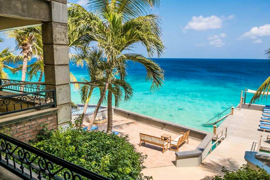 A spacious 538 sq ft oceanfront suite with one bedroom, living area, fully equipped kitchen, and private balcony overlooking Klein Bonaire.
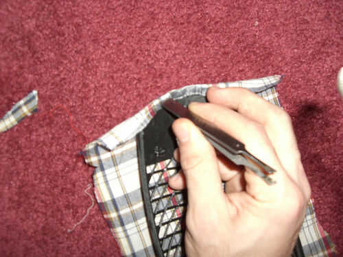 Comienza aplicando el pegamento, luego con la punta inclinada pinzas (o pinzas) tirón de la tela hacia arriba y sobre la parte con el pegamento. Luego utilice el extremo del otro par de pinzas y lo deslícelo a largo del punto es adherirse a. Hacer esto durante unos segundos.
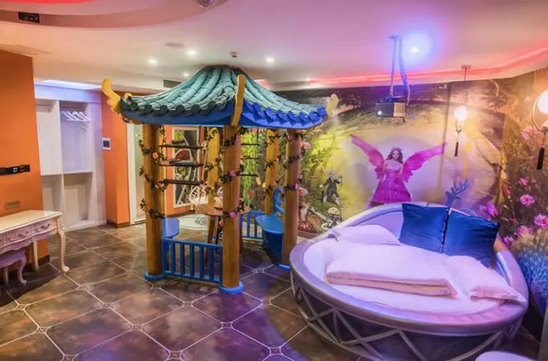 这些年成都涌入大量观光客,酒店需求量大增,为了迎接许多预算有限的年轻观光客,酒店各出奇招,装修下了许多心力,出现了许多情趣酒店。然而在创意无限又奔放外,因装修成本考虑,又多半略带些土味。
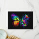 Rainbow, luminous, artistically painted monarch butterfly with bouquet of iridescent, bright, luminescent roses on black background. Rainbow butterfly.
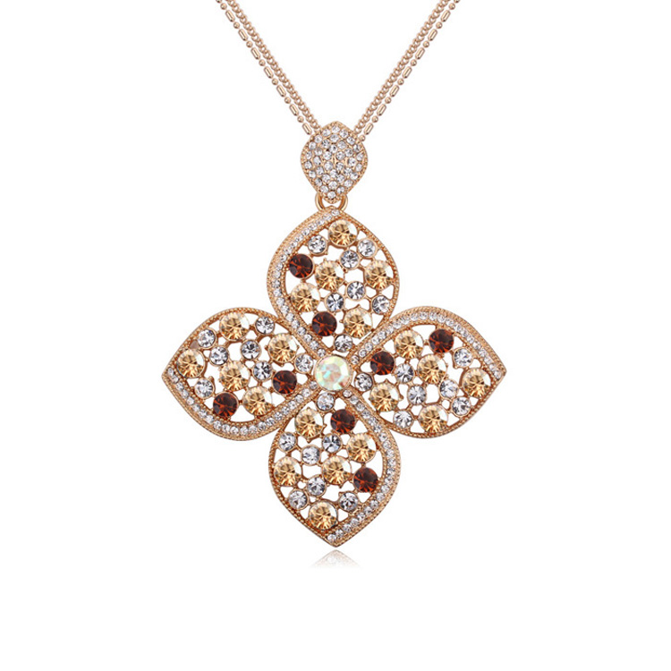 Collar para Sweater en baño de oro amarillo de 18 quilates, diseño de flor con cristales tonos ámbar, guinda y blanco.
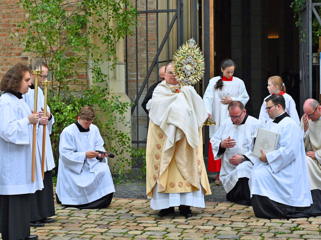 Die Fronleichnamsprozession werde allerdings oft auch als Provokation wahrgenommen. Auch hier verwies der Bischof auf die eigentliche Wortbedeutung von provocare – herausrufen: „Wenn wir nachher auf die Straße gehen, wollen wir die Menschen provozieren, sie herauslocken aus ihrer Reserve, aus ihrer Gleichgültigkeit und Unwissenheit; ja, vielleicht erwächst daraus sogar eine neue Nachdenklichkeit darüber, was wir denn da tun als katholische Christinnen und Christen.“ Sein Traum sei es, dass solch eine provokative Prozession sogar zu einer Einladung werden könne.
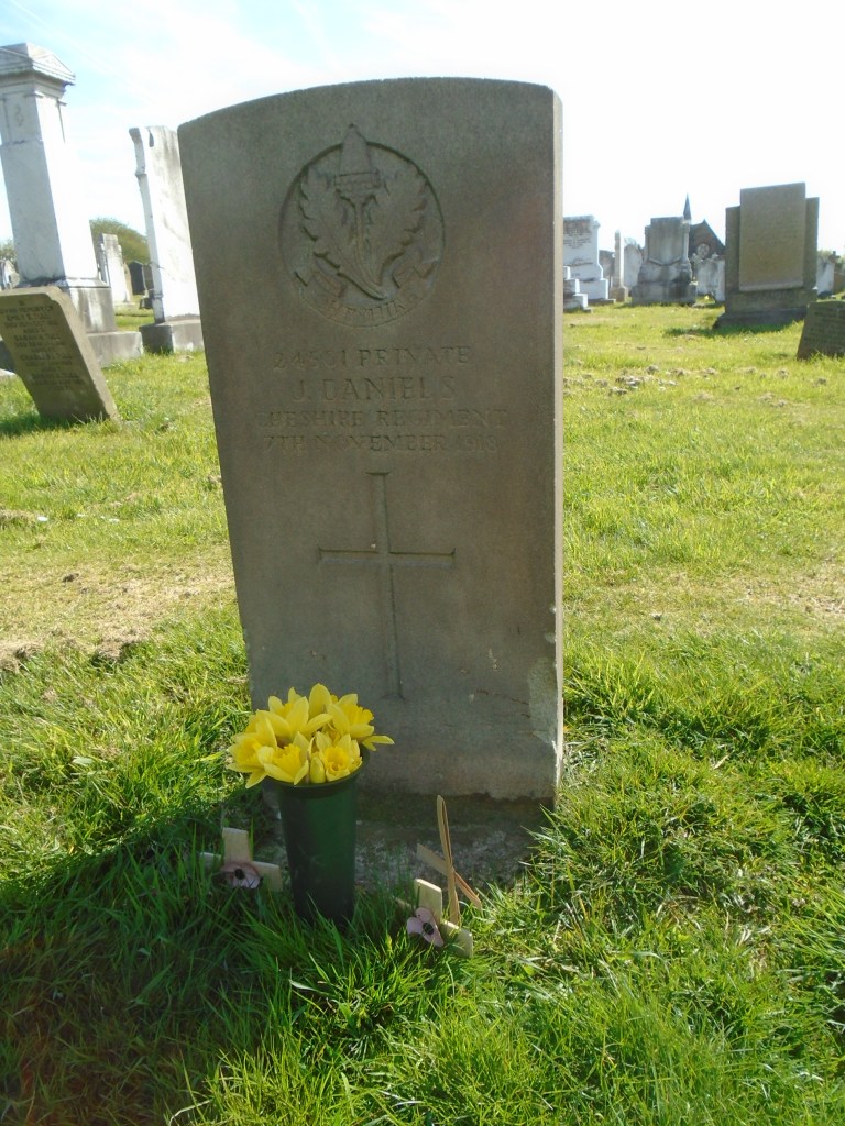7/11/1918 Private Joseph Daniels 6th Bn. Wallasey (Rake Lane) Cemetery, Cheshire United Kingdom. ‘24501’ Husband of Jane Daniels, of 39, Guildford St., Egremont, Wallasey. (pic from findagrave.com – with thanks)
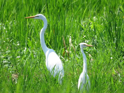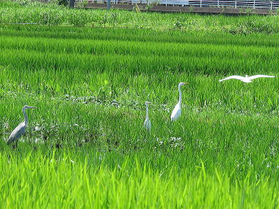 | アオサギ、チュウサギ、ダイサギ[7月31日] 田圃の中で餌獲りです | チュウサギ、ダイサギ[7月31日] 合わせて数羽が餌獲りをしていました | |
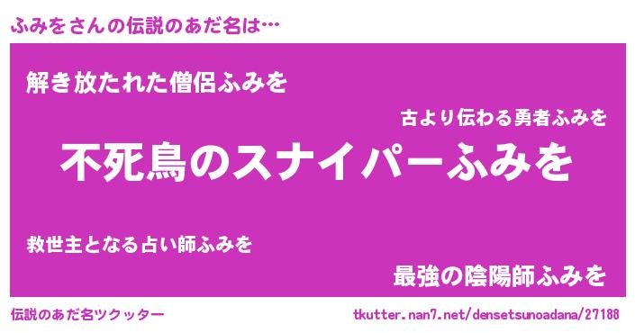 | 胡散臭い通販商品みたいなあだ名 | 『モテモテ間違いなし霊験あらたかなお札…その名も「ふみを」』 |

^^^^^^^^

> YOUR TASK
Reproduce exactly the lines above from the one with "合わせて数羽が餌獲りをしていました | |" through the last line of the data, keeping both ends and dropping the pictures.

> EXPECTED ANSWER
 | アオサギ、チュウサギ、ダイサギ[7月31日] 田圃の中で餌獲りです | チュウサギ、ダイサギ[7月31日] 合わせて数羽が餌獲りをしていました | |
 | 胡散臭い通販商品みたいなあだ名 | 『モテモテ間違いなし霊験あらたかなお札…その名も「ふみを」』 |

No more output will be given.